Available records —

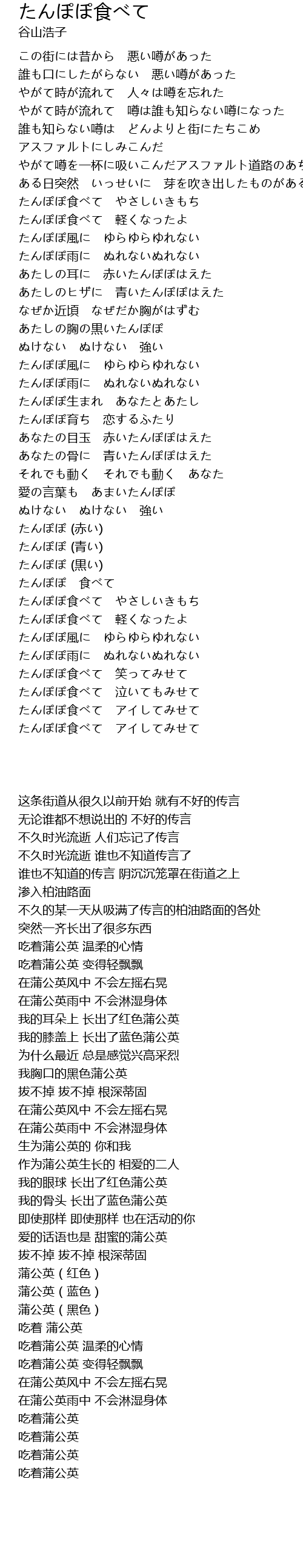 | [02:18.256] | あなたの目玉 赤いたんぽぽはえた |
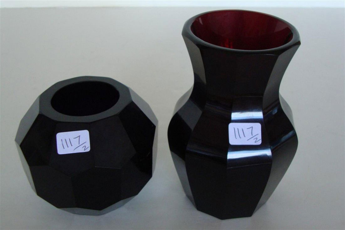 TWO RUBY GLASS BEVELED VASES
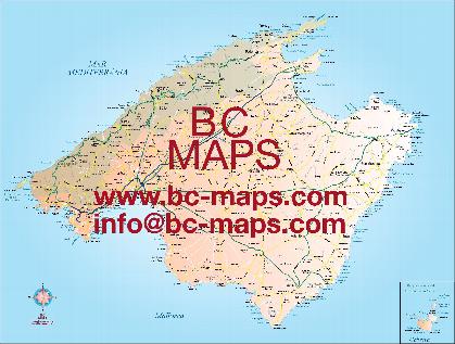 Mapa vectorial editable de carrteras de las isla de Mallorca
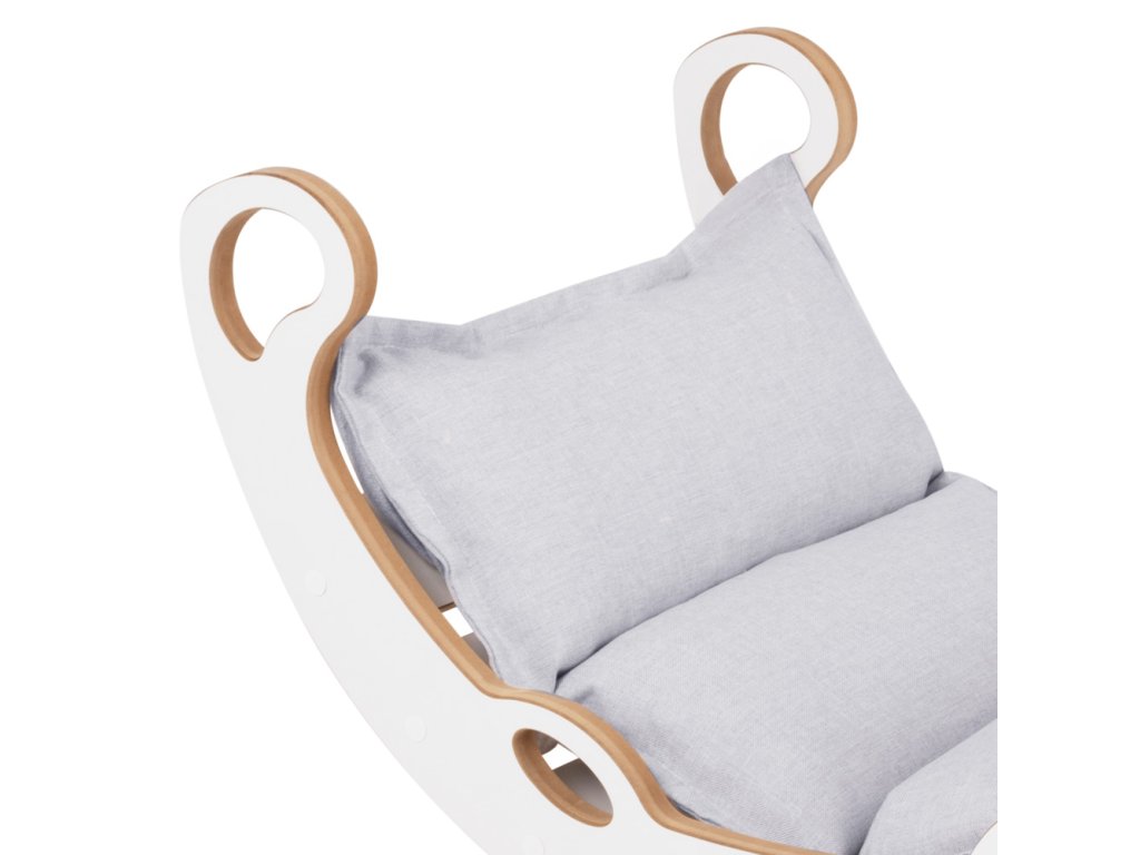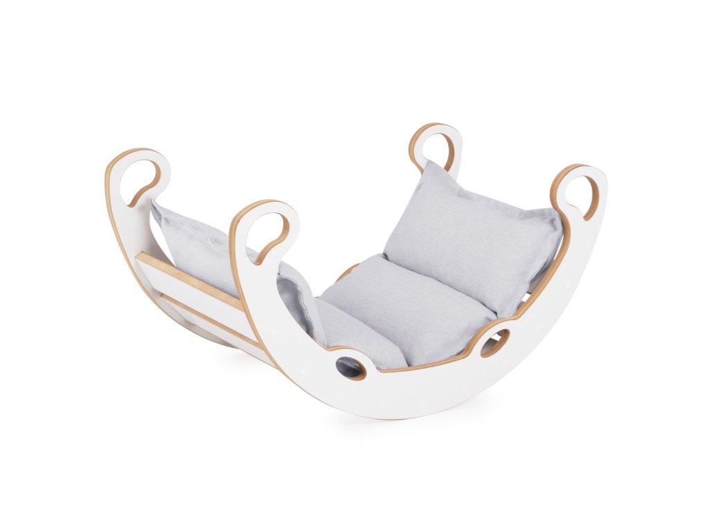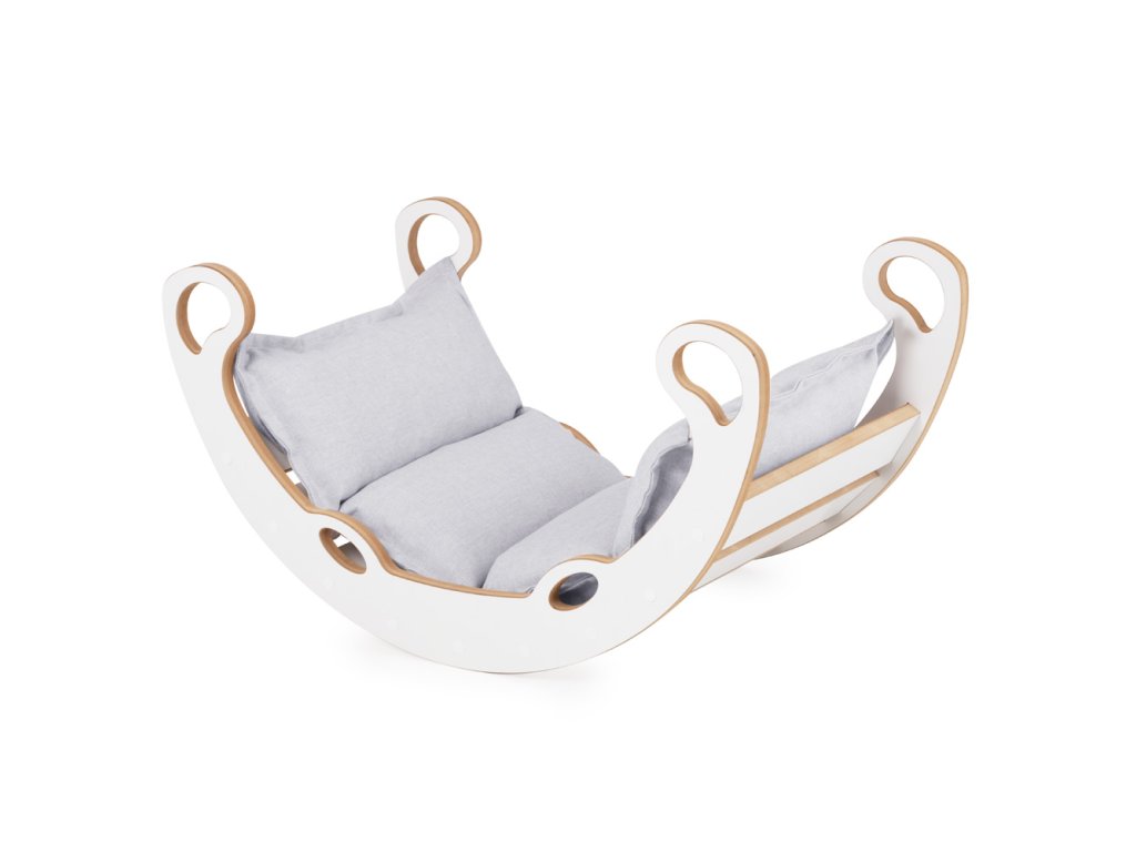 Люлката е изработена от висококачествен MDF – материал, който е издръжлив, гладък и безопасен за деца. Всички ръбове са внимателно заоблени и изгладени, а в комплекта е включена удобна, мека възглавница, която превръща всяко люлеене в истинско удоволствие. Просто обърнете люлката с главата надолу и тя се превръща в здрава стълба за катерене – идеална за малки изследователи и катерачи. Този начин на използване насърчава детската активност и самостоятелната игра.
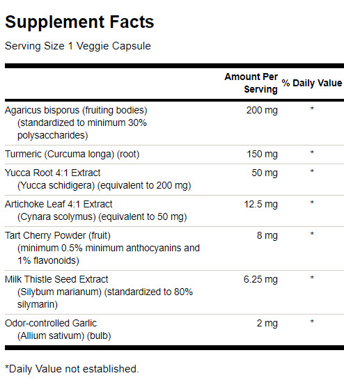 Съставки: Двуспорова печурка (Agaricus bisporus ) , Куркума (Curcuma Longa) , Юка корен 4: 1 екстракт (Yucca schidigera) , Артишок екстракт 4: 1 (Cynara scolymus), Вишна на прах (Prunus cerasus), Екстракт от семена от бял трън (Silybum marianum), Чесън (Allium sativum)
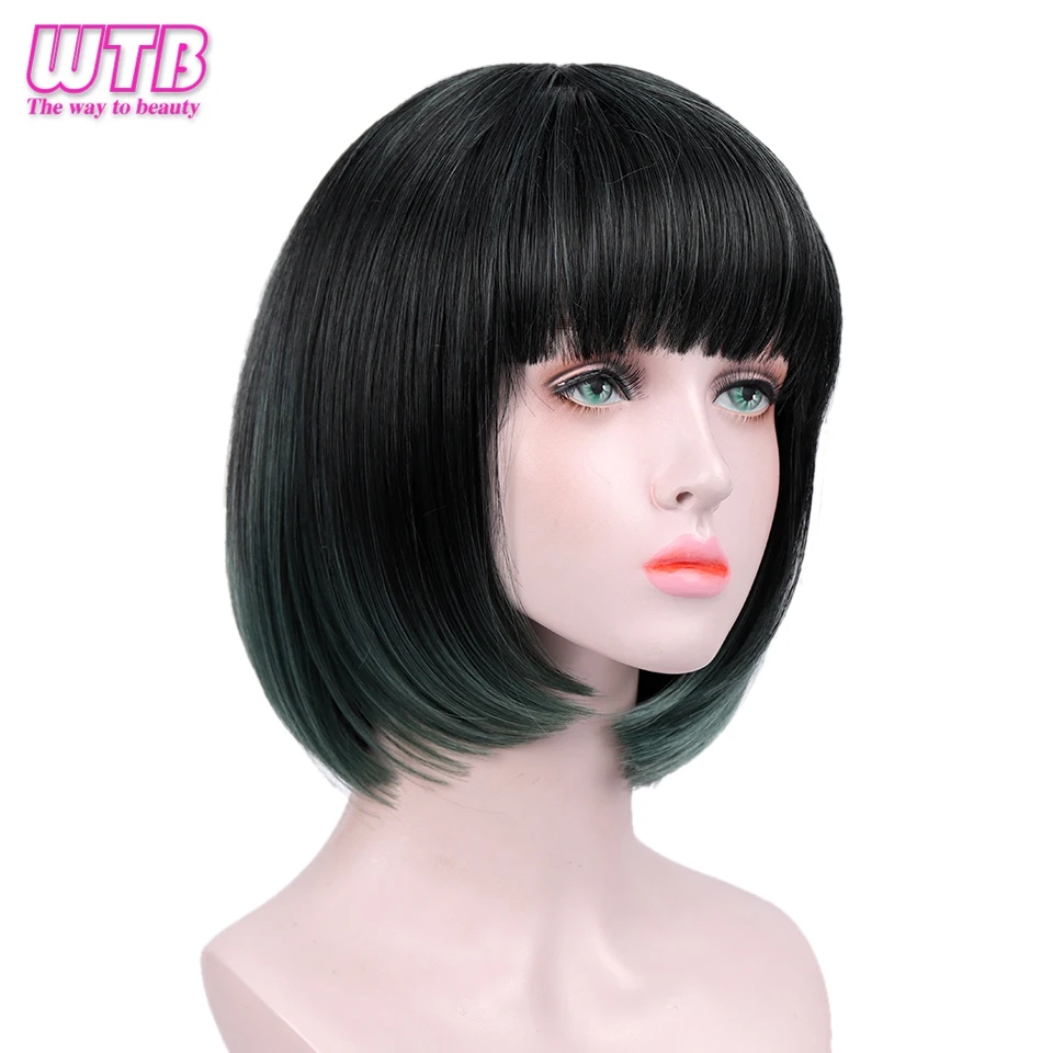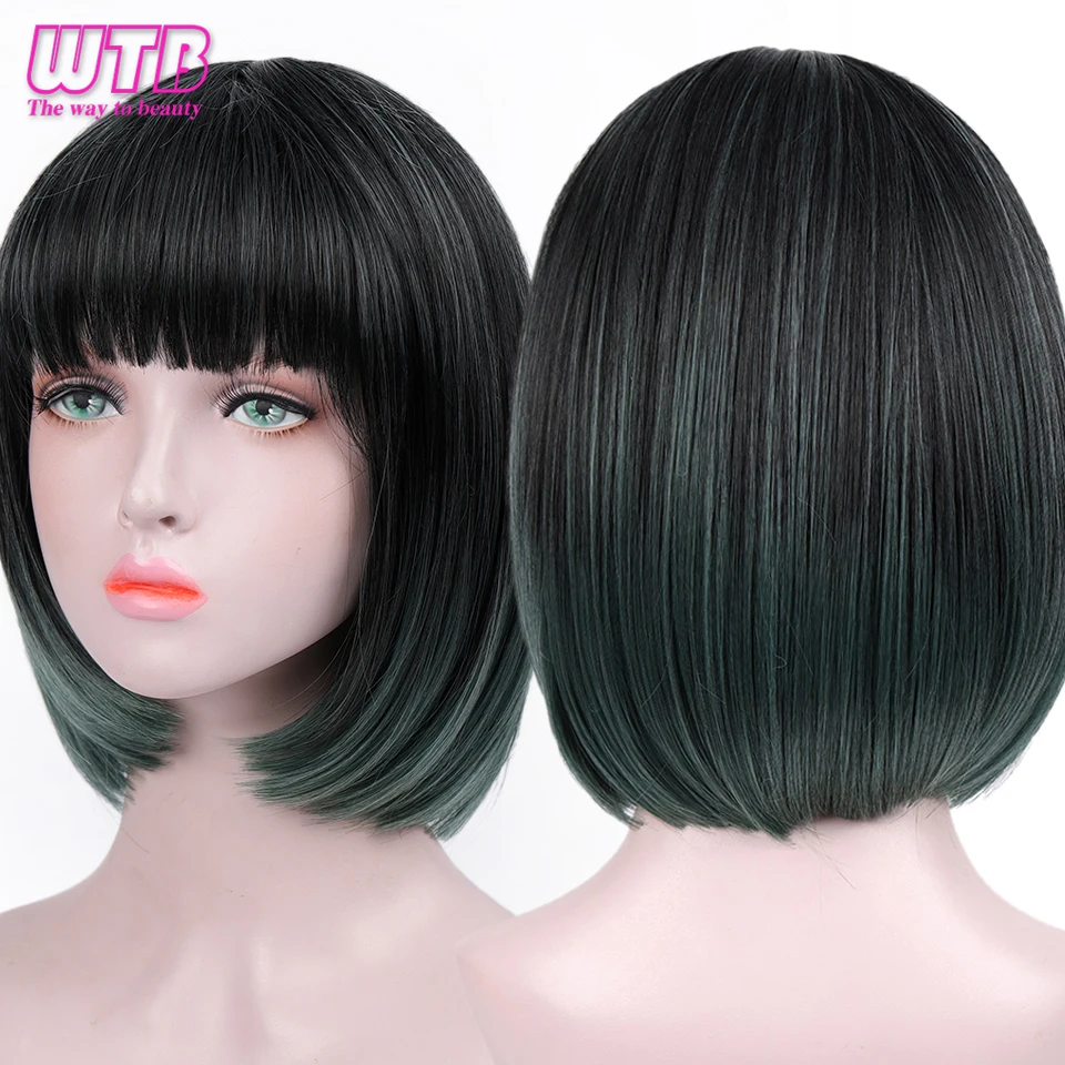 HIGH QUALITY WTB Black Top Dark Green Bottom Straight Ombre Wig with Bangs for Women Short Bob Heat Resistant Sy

Problem requirements —
Pictures stay out of this copy; write out the entries above exactly.

Answer for the task —
 | [02:18.256] | あなたの目玉 赤いたんぽぽはえた |
 TWO RUBY GLASS BEVELED VASES
 Mapa vectorial editable de carrteras de las isla de Mallorca
 Люлката е изработена от висококачествен MDF – материал, който е издръжлив, гладък и безопасен за деца. Всички ръбове са внимателно заоблени и изгладени, а в комплекта е включена удобна, мека възглавница, която превръща всяко люлеене в истинско удоволствие. Просто обърнете люлката с главата надолу и тя се превръща в здрава стълба за катерене – идеална за малки изследователи и катерачи. Този начин на използване насърчава детската активност и самостоятелната игра.
 Съставки: Двуспорова печурка (Agaricus bisporus ) , Куркума (Curcuma Longa) , Юка корен 4: 1 екстракт (Yucca schidigera) , Артишок екстракт 4: 1 (Cynara scolymus), Вишна на прах (Prunus cerasus), Екстракт от семена от бял трън (Silybum marianum), Чесън (Allium sativum)
 HIGH QUALITY WTB Black Top Dark Green Bottom Straight Ombre Wig with Bangs for Women Short Bob Heat Resistant Sy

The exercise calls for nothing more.